● WORK REQUIRED
Give the data again exactly, without images.

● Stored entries
== == ==
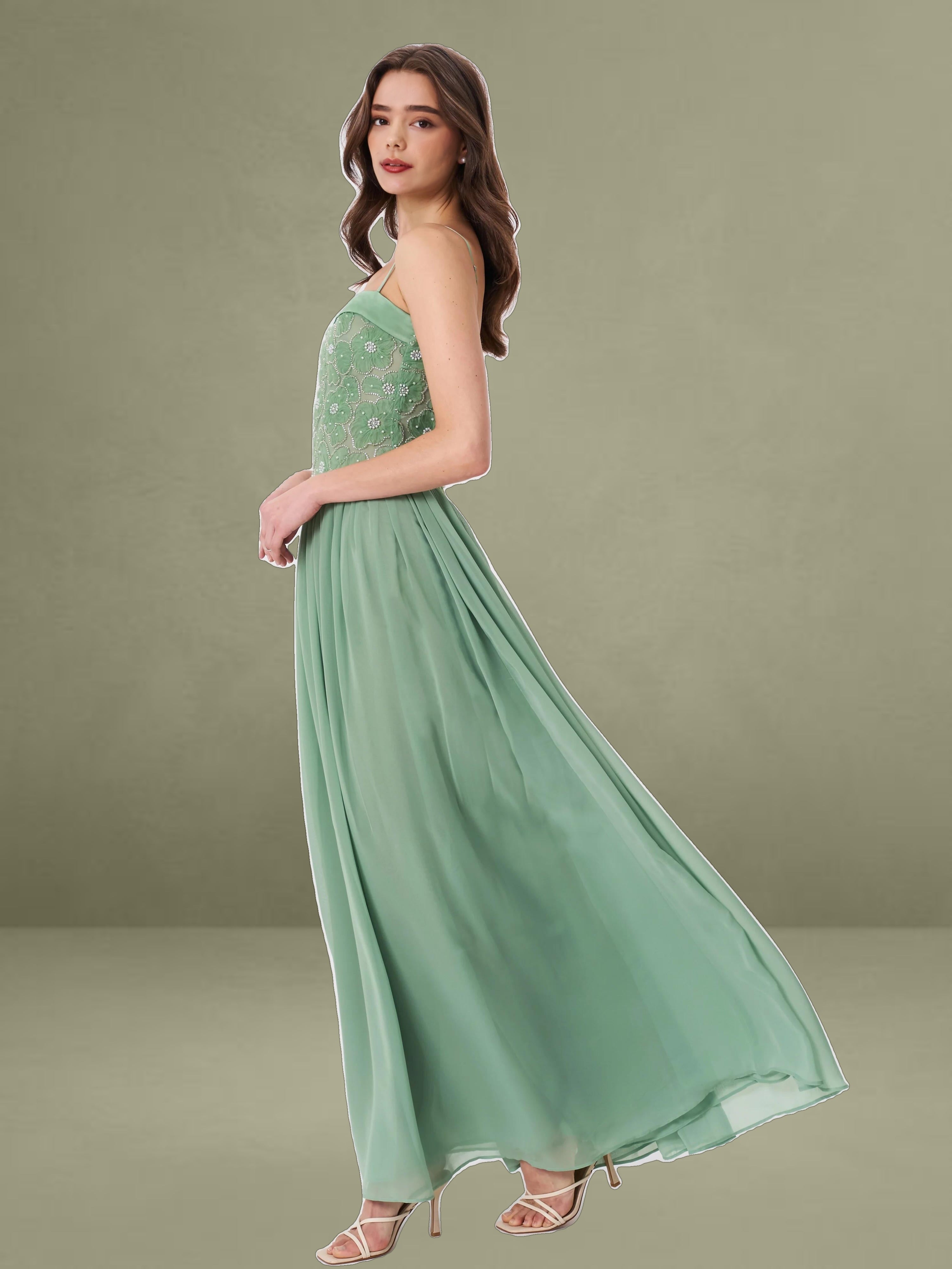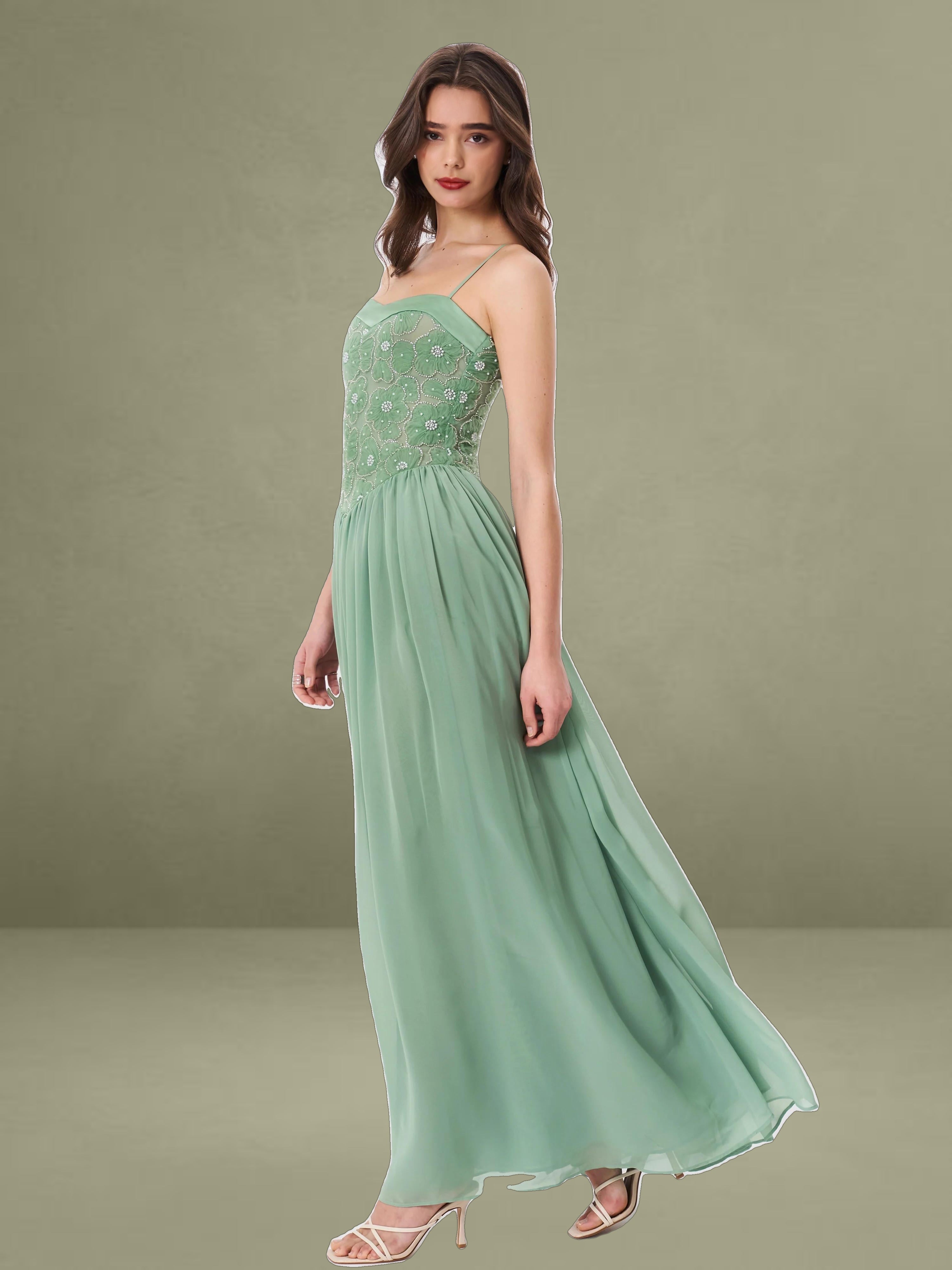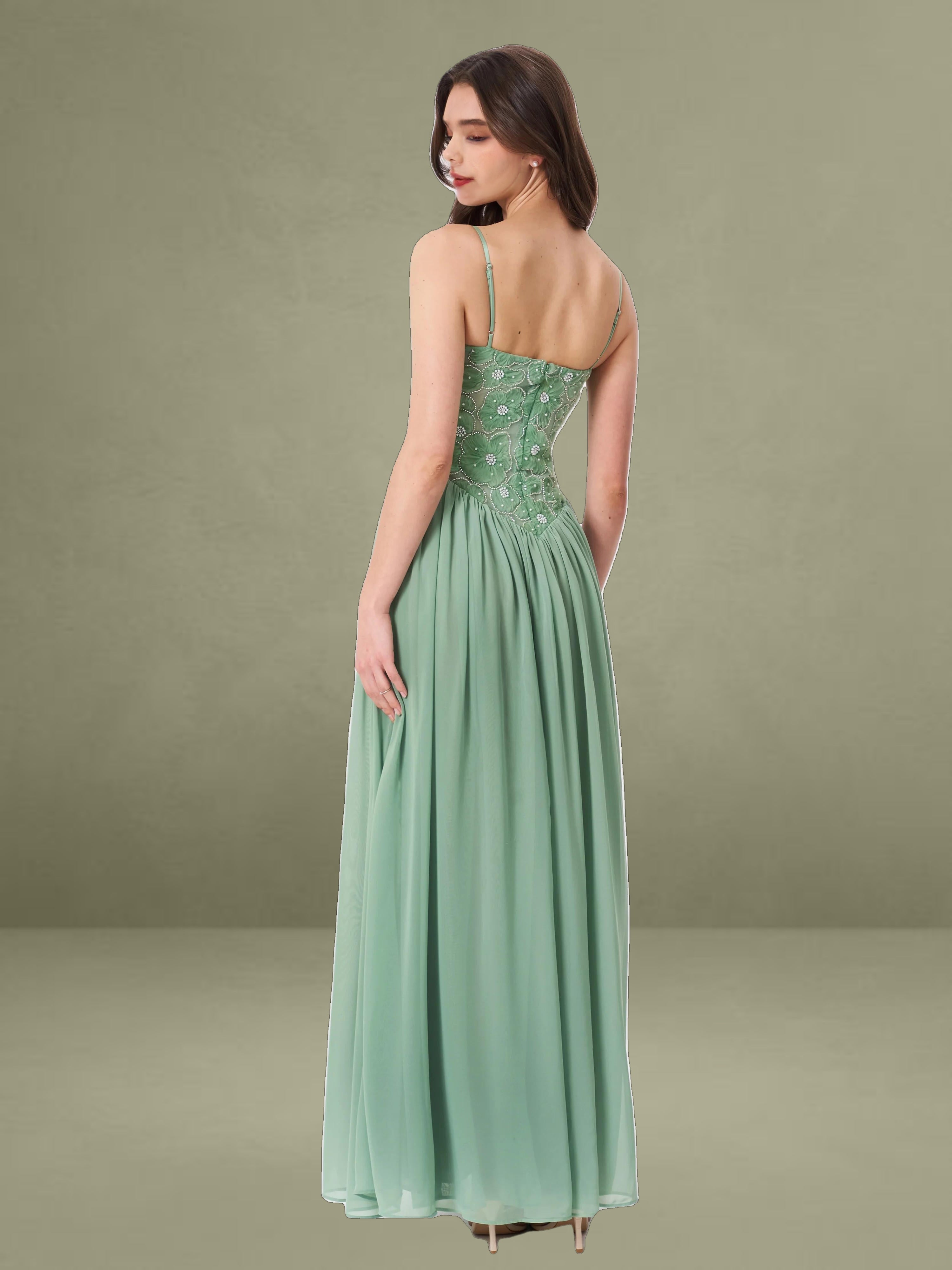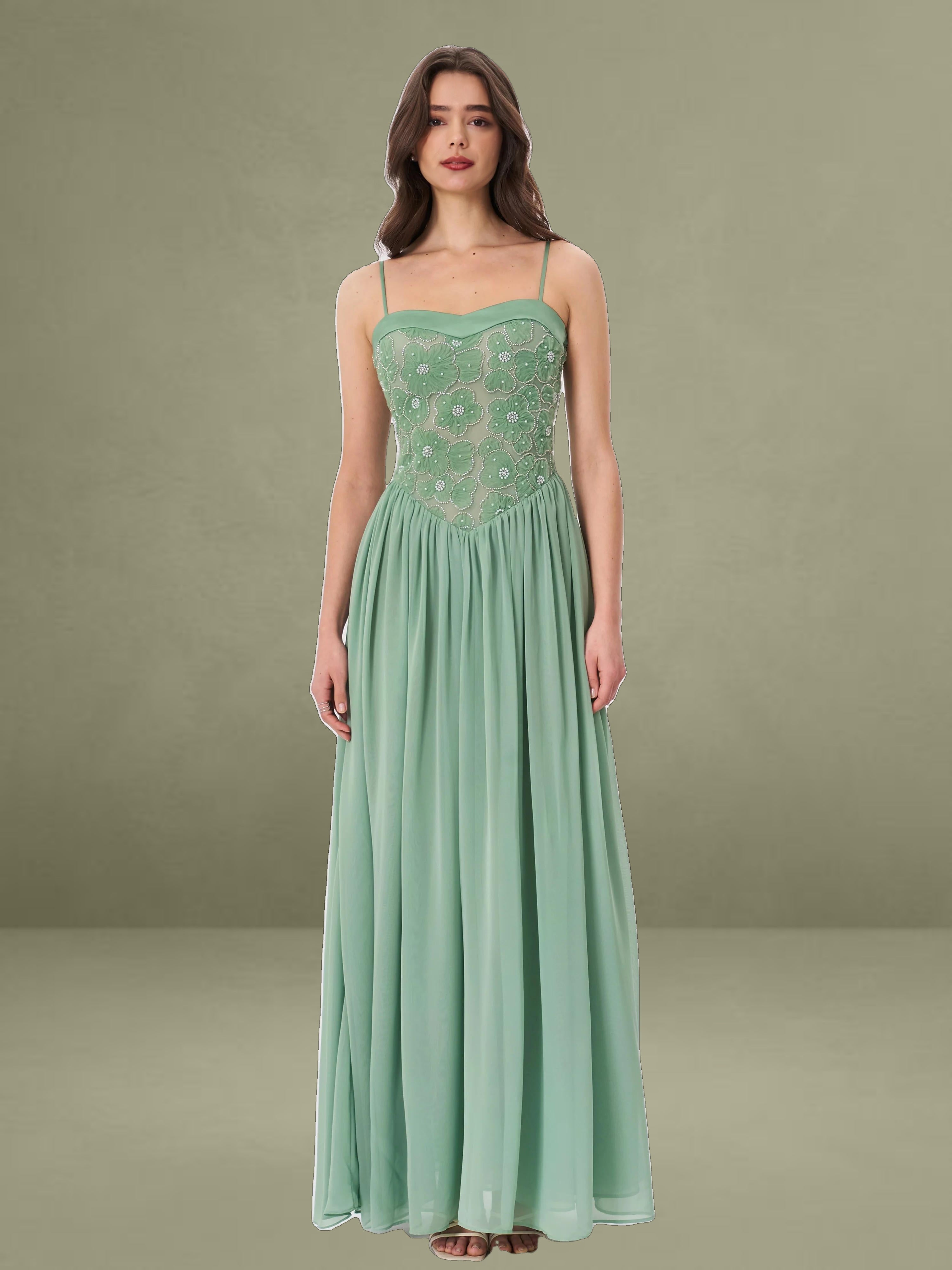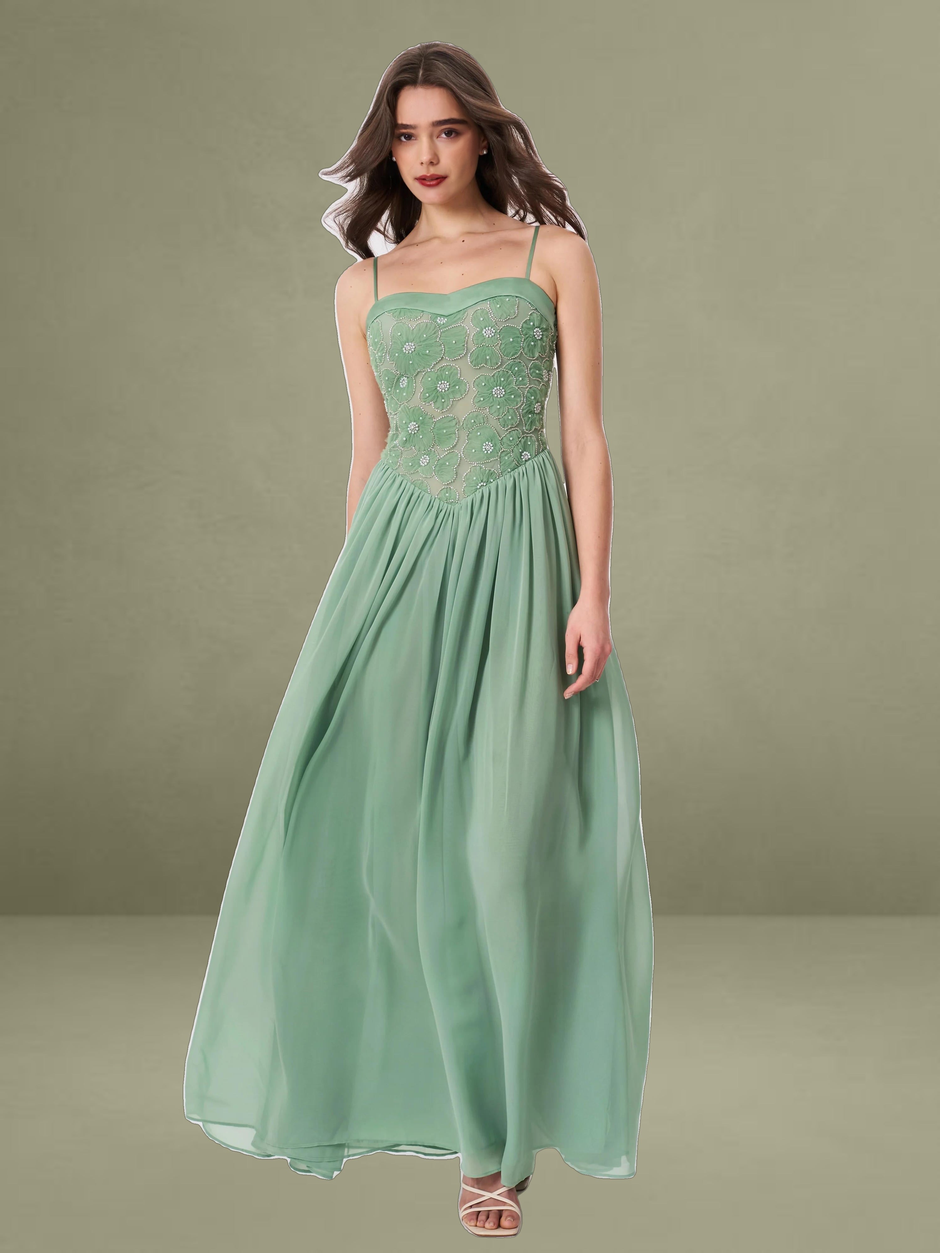 A vision of timeless elegance, the Ucille Dress is the perfect choice for weddings, engagements, formal events, summer celebrations, and birthday parties. Crafted with embroidered beaded floral mesh, this dress exudes romance and sophistication. The delicate satin trim adds a refined touch, while the double-layer chiffon skirt creates an ethereal, flowing silhouette. Designed for both beauty and comfort, it features adjustable straps for a customizable fit, an invisible zipper for a seamless finish, and is fully lined for effortless wear. Whether you're dancing the night away or making a grand entrance, the Ucille Dress is a stunning statement piece for any special occasion.
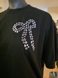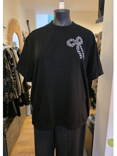 Tee-shirt forme boxy (un peu ample) en coton noir avec un noeud en strass sur le côté. Hauteur : 74 cm.
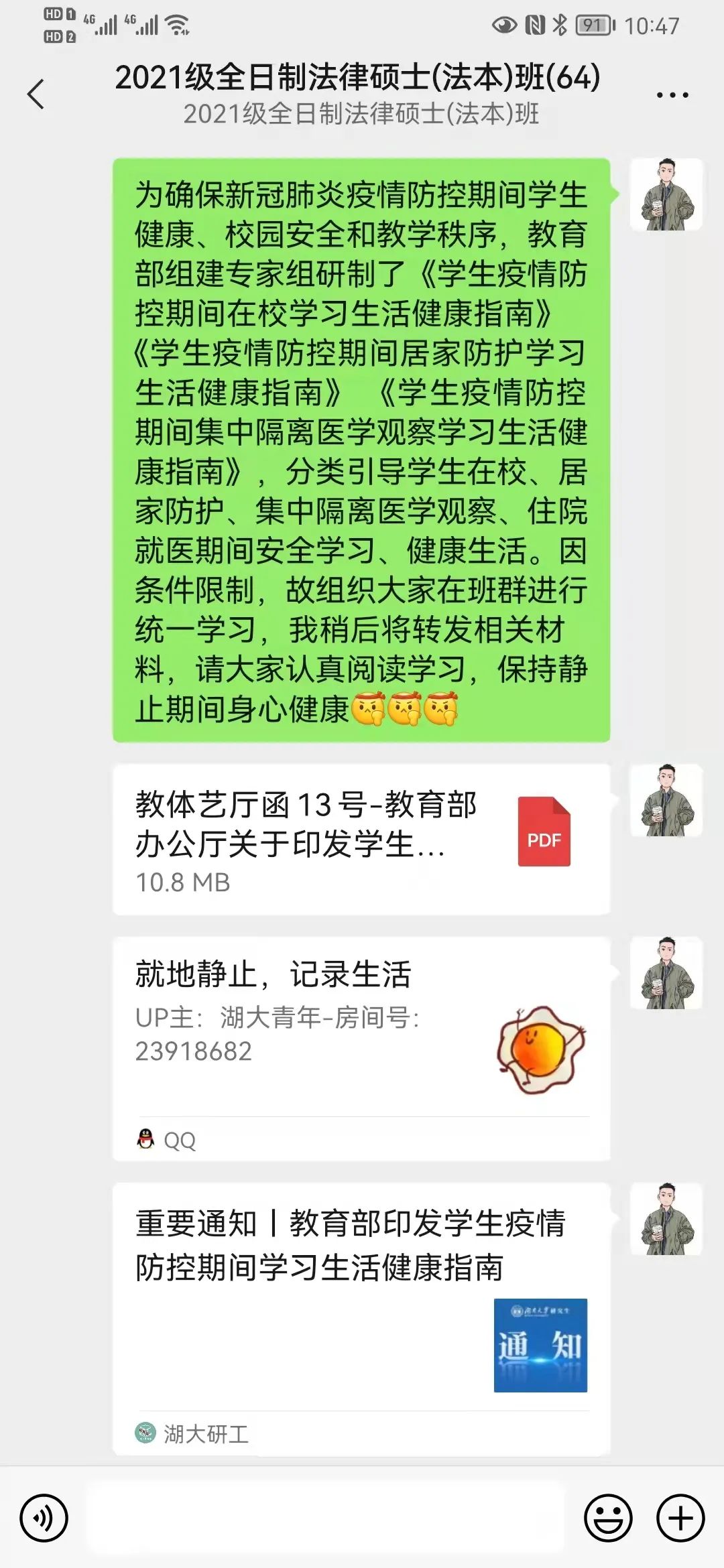 周六晚上我们班级召开了腾讯线上会议,组织班里同学们集体学习教育部的三份新冠肺炎疫情防控指南文件,旨在分类引导学生在校、居家防护、集中隔离医学观察的安全学习、健康生活。现阶段湖大处于管控区,绝大多数学生都是在校。日常生活学习,应当保持安全的社交距离,遵守出入校门的规定,坚持去戴口罩排队食堂打饭,自觉配合核酸检测,宿舍通风不串门,主动接种新冠病毒疫苗加强针,在学校要求的线上网课按时完成学习任务,保持充足睡眠,坚持科学锻炼身体,养成健康生活好方式等。
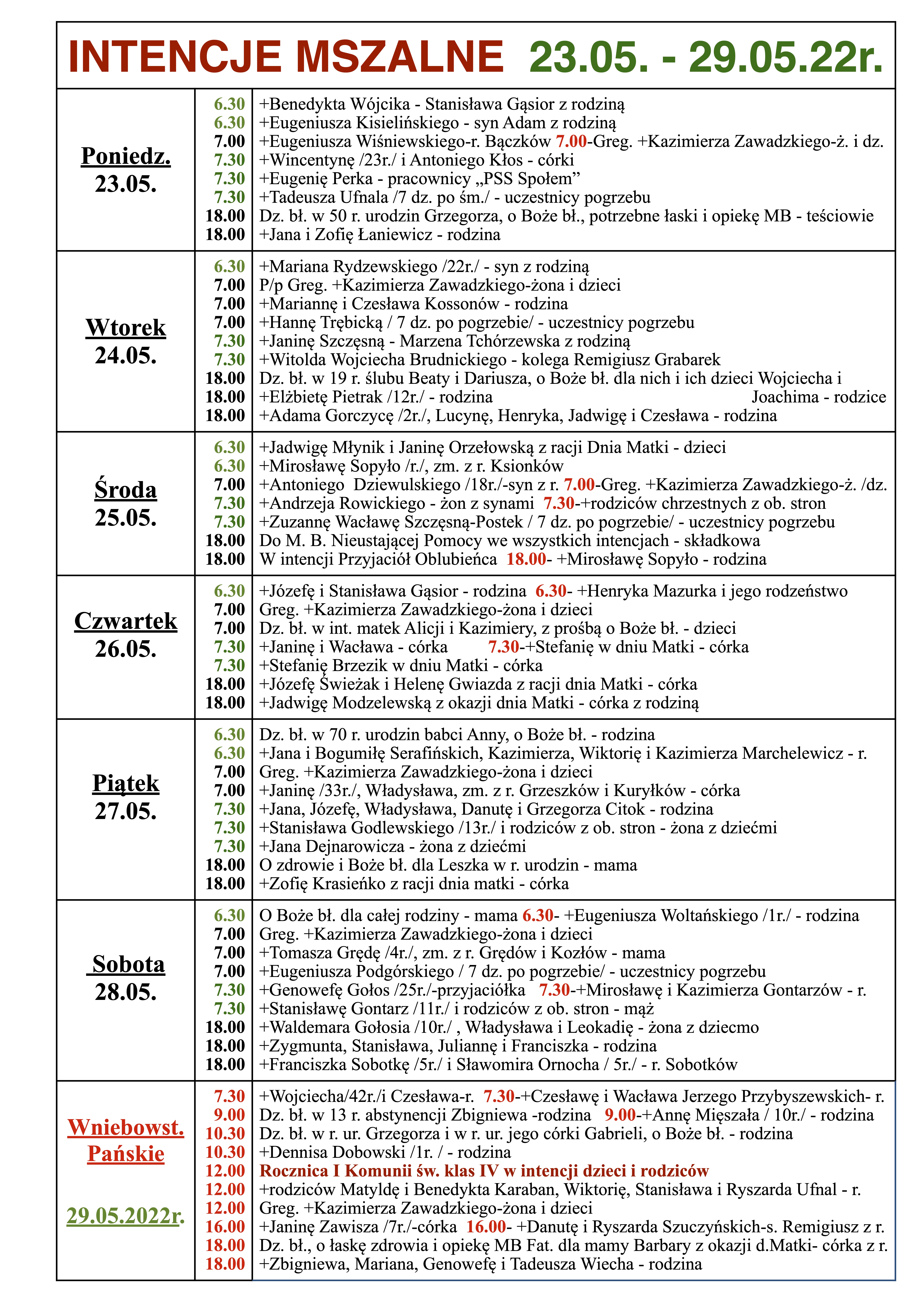 INTENCJE MSZALNE 23.05. – 29.05.22r.
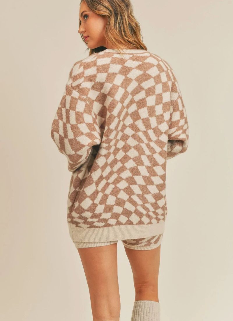 An open front cardigan in a diamond print. Features open pockets and striped trim details. The Heart Of Joy Cardi is super cosy and looks great with a basic layering top underneath.
== == ==
● RESULT OF THE TASK
 A vision of timeless elegance, the Ucille Dress is the perfect choice for weddings, engagements, formal events, summer celebrations, and birthday parties. Crafted with embroidered beaded floral mesh, this dress exudes romance and sophistication. The delicate satin trim adds a refined touch, while the double-layer chiffon skirt creates an ethereal, flowing silhouette. Designed for both beauty and comfort, it features adjustable straps for a customizable fit, an invisible zipper for a seamless finish, and is fully lined for effortless wear. Whether you're dancing the night away or making a grand entrance, the Ucille Dress is a stunning statement piece for any special occasion.
 Tee-shirt forme boxy (un peu ample) en coton noir avec un noeud en strass sur le côté. Hauteur : 74 cm.
 周六晚上我们班级召开了腾讯线上会议,组织班里同学们集体学习教育部的三份新冠肺炎疫情防控指南文件,旨在分类引导学生在校、居家防护、集中隔离医学观察的安全学习、健康生活。现阶段湖大处于管控区,绝大多数学生都是在校。日常生活学习,应当保持安全的社交距离,遵守出入校门的规定,坚持去戴口罩排队食堂打饭,自觉配合核酸检测,宿舍通风不串门,主动接种新冠病毒疫苗加强针,在学校要求的线上网课按时完成学习任务,保持充足睡眠,坚持科学锻炼身体,养成健康生活好方式等。
 INTENCJE MSZALNE 23.05. – 29.05.22r.
 An open front cardigan in a diamond print. Features open pockets and striped trim details. The Heart Of Joy Cardi is super cosy and looks great with a basic layering top underneath.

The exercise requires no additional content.